Work instructions ▸ Below is a block of entries, which should be copied verbatim apart from the pictures.

Dataset ▸
- - - - - - -
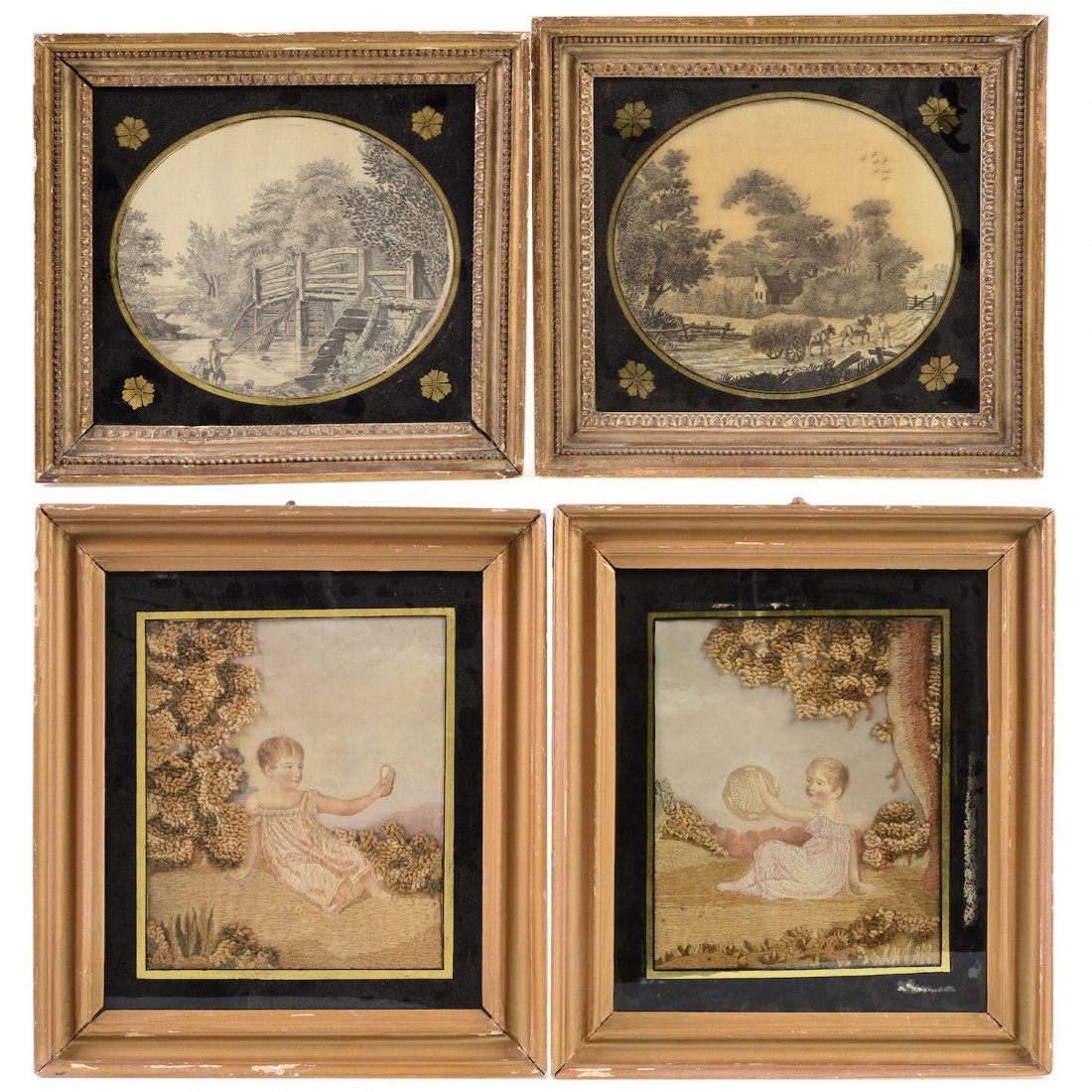 (2) pairs Regency tinted silk needlework pictures
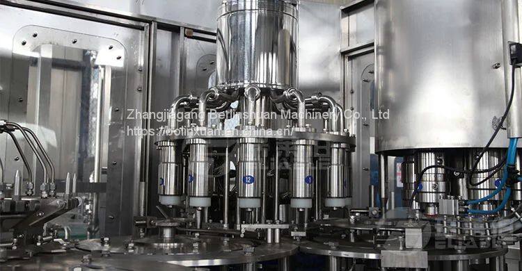 CGFR series automatic beverage hot filling machine, this machine set washing, filling, capping three machine introduced Italian technology, precision manufacturing, can line of aseptic filling, increase the constant temperature system, replace part of the accessories, can adapt to heat PET bottles, juice, tea, drinks and other hot filling process requirements. The unit is simple in operation, small in area, compact in structure, suitable for PET bottles of various non-gas drinks (mineral water, pure water, distilled water, fruit juice, tea, drinks, etc.) at room temperature or hot filling, also use vinegar and other liquid cleaning, filling, sealing. The line is simple in design, novel in style, simple in function, strong in adaptability, convenient in operation, beautiful in appearance and high in automation. It is the filling equipment of juice tea beverage at home and abroad.
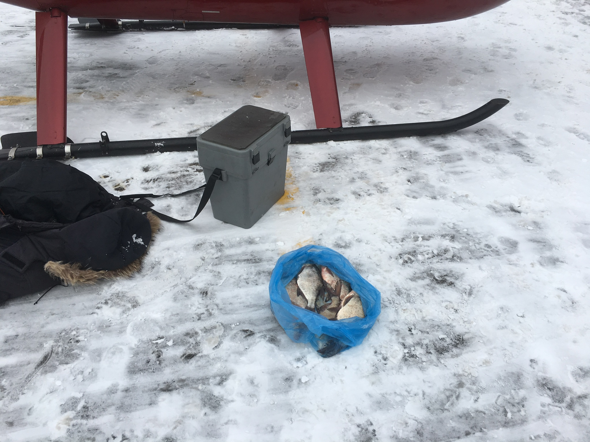 Лед уже нормальный. Но пока оставлял вертолёт на острове. В следующий раз буду на лёд садиться. Три дня будут стоять морозы. Так что лёд наростёт до 35-40 сантиметров. Главный плказатель толщины льда, это машины рыболовов на льду. :D А крайнне фото улова с вертолётом, сделано уже на площадке базирования.
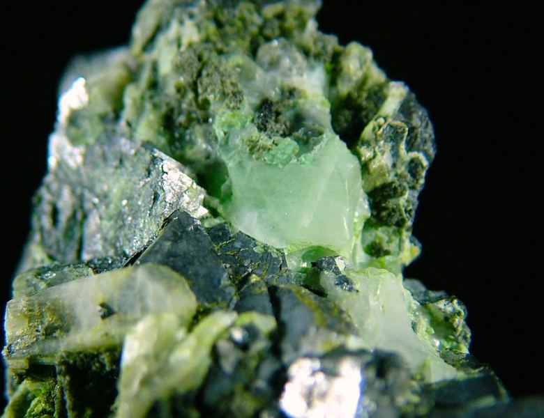 Gersdorffite's crystals are accompanied by green Annabergite. (Silvia Gallery)Data last checked on 5th Jan 2022 - specimen may no longer be available
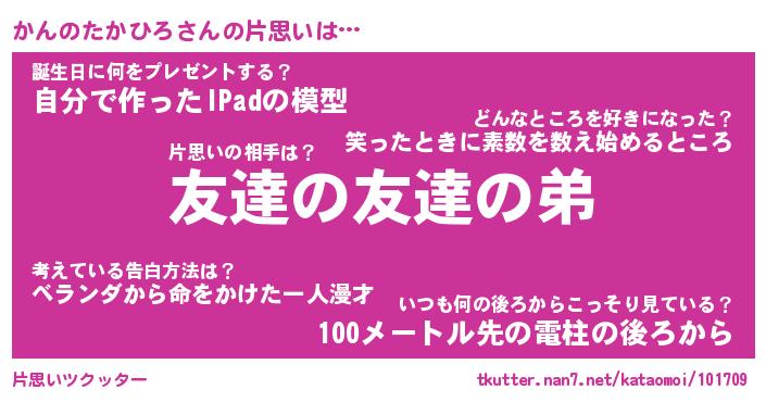 | ヘコむあだ名 | 『かんっふぃ~』『つくし』『かんお』 |
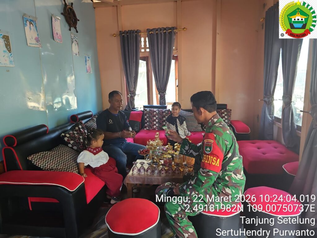 Natuna – Dalam suasana Hari Raya Idul Fitri 1447 H yang penuh kehangatan, Babinsa Koramil 06/Serasan Kodim 0318/Natuna, Sertu Hendry Purwanto melaksanakan kegiatan silaturahmi dan halal bihalal bersama warga binaannya di Desa Tanjung Setelung, Kecamatan Serasan, Minggu (22/3/2026).
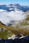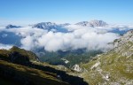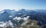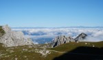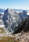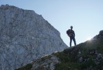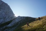 Tokratna nedelja je bila tipičen (zgodnje)jesenski dan v najlepši možni podobi. Dnevu primerno smo si zato privoščili uživaško turo na visokem nivoju. Jugozahodni raz Mangarta (IV/II-III, 400 m) je dokaj nezahtevna in nestresna smer s kratkim dostopom in širnimi razgledi. Poleg tega je opremljena s svedrovci in večinoma dobro skalo, čeprav so položnejši deli seveda bolj krušljivi.
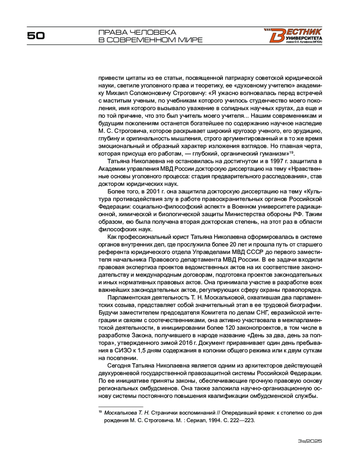 В статье приводятся биографические данные Т. Н. Москальковой и раскрывается ее научный вклад в создание нравственных основ уголовного судопроизводства и «нравственное обеспечение» норм УПК РФ. Обосновано, что Т. Н. Москалькова последовательно выступала за закрепление в уголовно-процессуальном законодательстве общей нормы, устанавливающей положение об уважении чести и достоинства личности в уголовном процессе, уделяла внимание проблемам безопасности участников уголовного процесса, положению подозреваемого и обвиняемого, последовательно разрабатывала идею о возмещении ущерба потерпевшему от преступления. Отмечено, что особую научную ценность представляет комплекс предложений, направленный на совершенствование института реабилитации. Высказано мнение, что предложения Уполномоченного по правам человека в Российской Федерации о закреплении в УПК РФ принципа справедливости заслуживают поддержки. Определены основные направления уголовно-процессуальной политики.
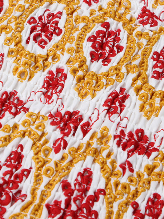 New sexy tube top embroidery hollow ruffle dress with waist slimming printed slim skirt
- - - - - - -
Expected answer ▸
 (2) pairs Regency tinted silk needlework pictures
 CGFR series automatic beverage hot filling machine, this machine set washing, filling, capping three machine introduced Italian technology, precision manufacturing, can line of aseptic filling, increase the constant temperature system, replace part of the accessories, can adapt to heat PET bottles, juice, tea, drinks and other hot filling process requirements. The unit is simple in operation, small in area, compact in structure, suitable for PET bottles of various non-gas drinks (mineral water, pure water, distilled water, fruit juice, tea, drinks, etc.) at room temperature or hot filling, also use vinegar and other liquid cleaning, filling, sealing. The line is simple in design, novel in style, simple in function, strong in adaptability, convenient in operation, beautiful in appearance and high in automation. It is the filling equipment of juice tea beverage at home and abroad.
 Лед уже нормальный. Но пока оставлял вертолёт на острове. В следующий раз буду на лёд садиться. Три дня будут стоять морозы. Так что лёд наростёт до 35-40 сантиметров. Главный плказатель толщины льда, это машины рыболовов на льду. :D А крайнне фото улова с вертолётом, сделано уже на площадке базирования.
 Gersdorffite's crystals are accompanied by green Annabergite. (Silvia Gallery)Data last checked on 5th Jan 2022 - specimen may no longer be available
 | ヘコむあだ名 | 『かんっふぃ~』『つくし』『かんお』 |
 Natuna – Dalam suasana Hari Raya Idul Fitri 1447 H yang penuh kehangatan, Babinsa Koramil 06/Serasan Kodim 0318/Natuna, Sertu Hendry Purwanto melaksanakan kegiatan silaturahmi dan halal bihalal bersama warga binaannya di Desa Tanjung Setelung, Kecamatan Serasan, Minggu (22/3/2026).
 Tokratna nedelja je bila tipičen (zgodnje)jesenski dan v najlepši možni podobi. Dnevu primerno smo si zato privoščili uživaško turo na visokem nivoju. Jugozahodni raz Mangarta (IV/II-III, 400 m) je dokaj nezahtevna in nestresna smer s kratkim dostopom in širnimi razgledi. Poleg tega je opremljena s svedrovci in večinoma dobro skalo, čeprav so položnejši deli seveda bolj krušljivi.
 В статье приводятся биографические данные Т. Н. Москальковой и раскрывается ее научный вклад в создание нравственных основ уголовного судопроизводства и «нравственное обеспечение» норм УПК РФ. Обосновано, что Т. Н. Москалькова последовательно выступала за закрепление в уголовно-процессуальном законодательстве общей нормы, устанавливающей положение об уважении чести и достоинства личности в уголовном процессе, уделяла внимание проблемам безопасности участников уголовного процесса, положению подозреваемого и обвиняемого, последовательно разрабатывала идею о возмещении ущерба потерпевшему от преступления. Отмечено, что особую научную ценность представляет комплекс предложений, направленный на совершенствование института реабилитации. Высказано мнение, что предложения Уполномоченного по правам человека в Российской Федерации о закреплении в УПК РФ принципа справедливости заслуживают поддержки. Определены основные направления уголовно-процессуальной политики.
 New sexy tube top embroidery hollow ruffle dress with waist slimming printed slim skirt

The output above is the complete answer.